The code lets you save your current filter selections as JSON presets—called “theme lenses.” You can load, switch, and reuse them later. This way, your app remembers what you care about, and you can jump straight into exploring without re-selecting everything.

AI Prompt

Please add the following functions:
Theme lenses

  • Save filter presets (JSON): “maritime trade”, “iron adoption”, etc.

Accept: load/switch lenses in 1 click

Functions & Features

  • Save current filter selections as named JSON files.
  • Load a saved filter (“lens”) instantly with one click.
  • Keep taxonomy tags (like “tech” or “war”) consistent, even if not in the current tag list.

Requirements / Setup

You’ll need:

  • Python 3.11

Installs:

pip install streamlit

Minimal Code Sample

def save_lens(name, filters):

    with open(f”lenses/{name}.json”, “w”) as f:

        json.dump(filters, f)

def load_lens(name):

    with open(f”lenses/{name}.json”) as f:

        return json.load(f)

One function saves filters as JSON; the other loads them back into the app.

The Civilization Timeline Builder

Notes / Lessons Learned

The first bug was almost comical: I forgot to delete the existing sidebar widget, so suddenly I had two period selectors glaring at me. That one was an easy fix. The trickier problem was when lenses like “maritime trade” or “iron adoption” triggered Streamlit errors. The issue? I had assigned values that didn’t exist in the current all_tags list. Streamlit doesn’t like when you ask for something it doesn’t offer.

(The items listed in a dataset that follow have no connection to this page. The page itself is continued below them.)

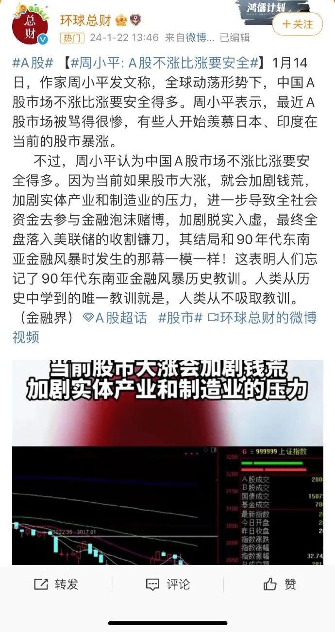 今年开年以来,A股持续下调,一度跌破2800点。周小平发文称,A股不涨比上涨安全的多........
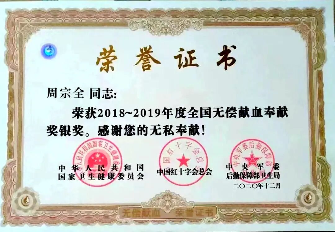 周宗全对无偿献血的执着,赢得了乡邻的敬重,村里好人好事、孝老爱亲的善举不断涌现,也带动更多的人加入无偿献血的队伍。
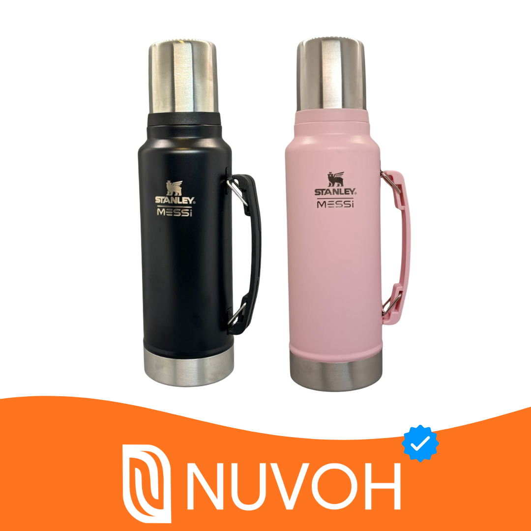 Con su robusta construcción de acero inoxidable y un elegante acabado en negro mate, este termo de 1.2 litros lleva grabado el icónico logo de Stanley y la palabra "MESSI", rindiendo homenaje a la grandeza. Mantiene tus bebidas calientes o frías hasta por 32 horas y el hielo por hasta 160 horas, ideal para cualquier aventura, jornada laboral o para acompañarte en cada partido. Su manija ergonómica asegura un transporte cómodo, haciendo de este termo un artículo de colección y uso diario.
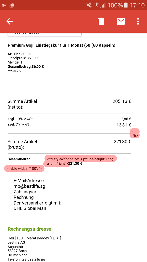 | Steps To Reproduce | 1) find someone with an exchange server 2) create an account with email address hosted on this exchange server 3) place order 4) if it "works", you will see random visible html tags in your email and broken layout | ||||
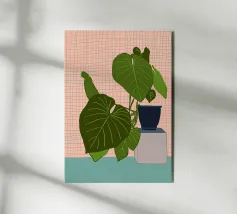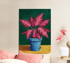Una pianta di anthurium rosa di grande effetto si trova in un vaso variopinto e decorato su uno sfondo di un vibrante rosa caldo. La composizione è una celebrazione audace ed elegante del colore e delle piante tropicali.
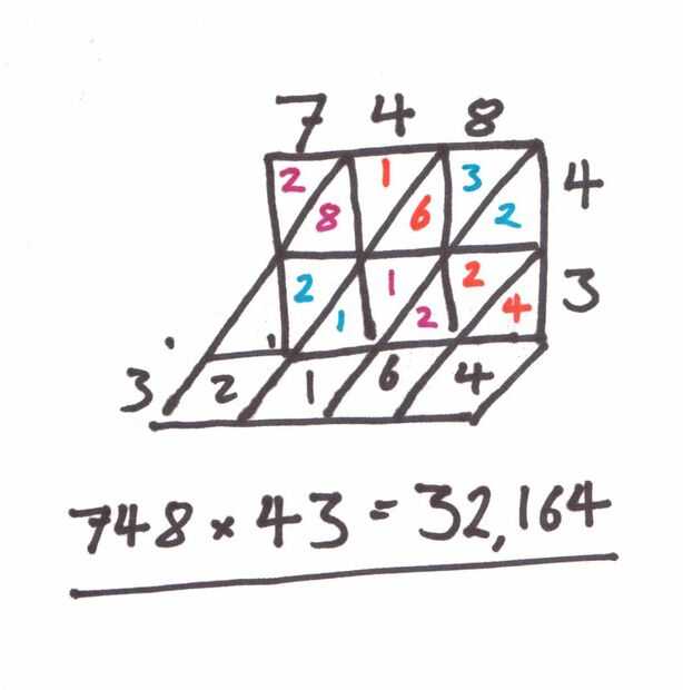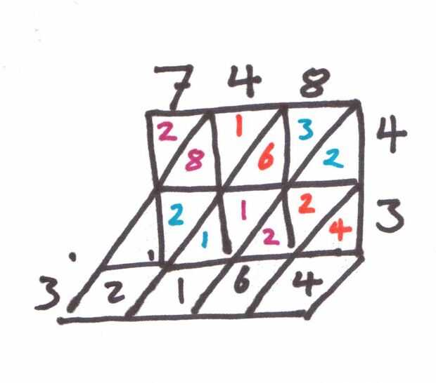 Si el total es más de 9, llevan los dígitos adicionales sobre a la siguiente diagonal y agregarlos en.
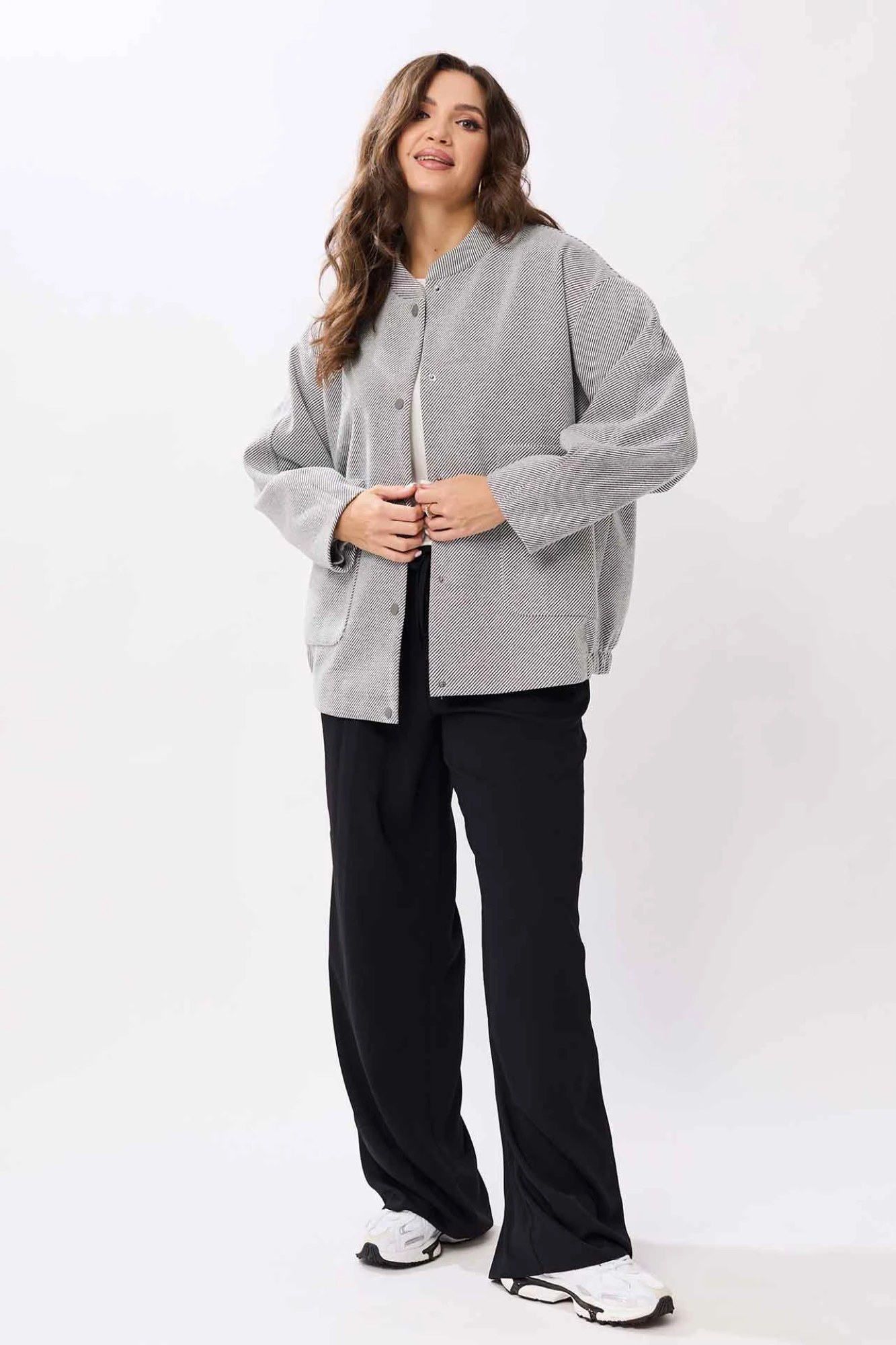 Женский жакет выполнен из мягкой, пальтовой ткани что придаёт изделию универсальность и комфорт. Воротник-стойка. Застёжка: на пробивные кнопки. Рукава со спущенной проймой втачной, двухшовный. В изделии предусмотрены накладные карманы на передней части. Эластичная резинка по нижнему краю жакета создаёт лёгкую сборку, что подчёркивает силуэт и обеспечивает дополнительное удобство. Жакет на подкладке.

The solution was to create a script that merges the database-derived options with whatever free-form values the lens needed. That way, even if the lens specifies tags like “sea” or “tech,” it still works, whether or not those appear in all_tags. After some careful debugging, everything finally clicked into place.

The real lesson: don’t try to fix every error at once. Solve one, breathe, then tackle the next. The process is a lot less stressful that way.

Optional Ideas for Expansion

  • Add a dropdown of saved lenses in the sidebar for quick access.
  • Allow exporting and sharing lenses with friends (history study group, anyone?).
  • Include a “random lens” button for surprise explorations.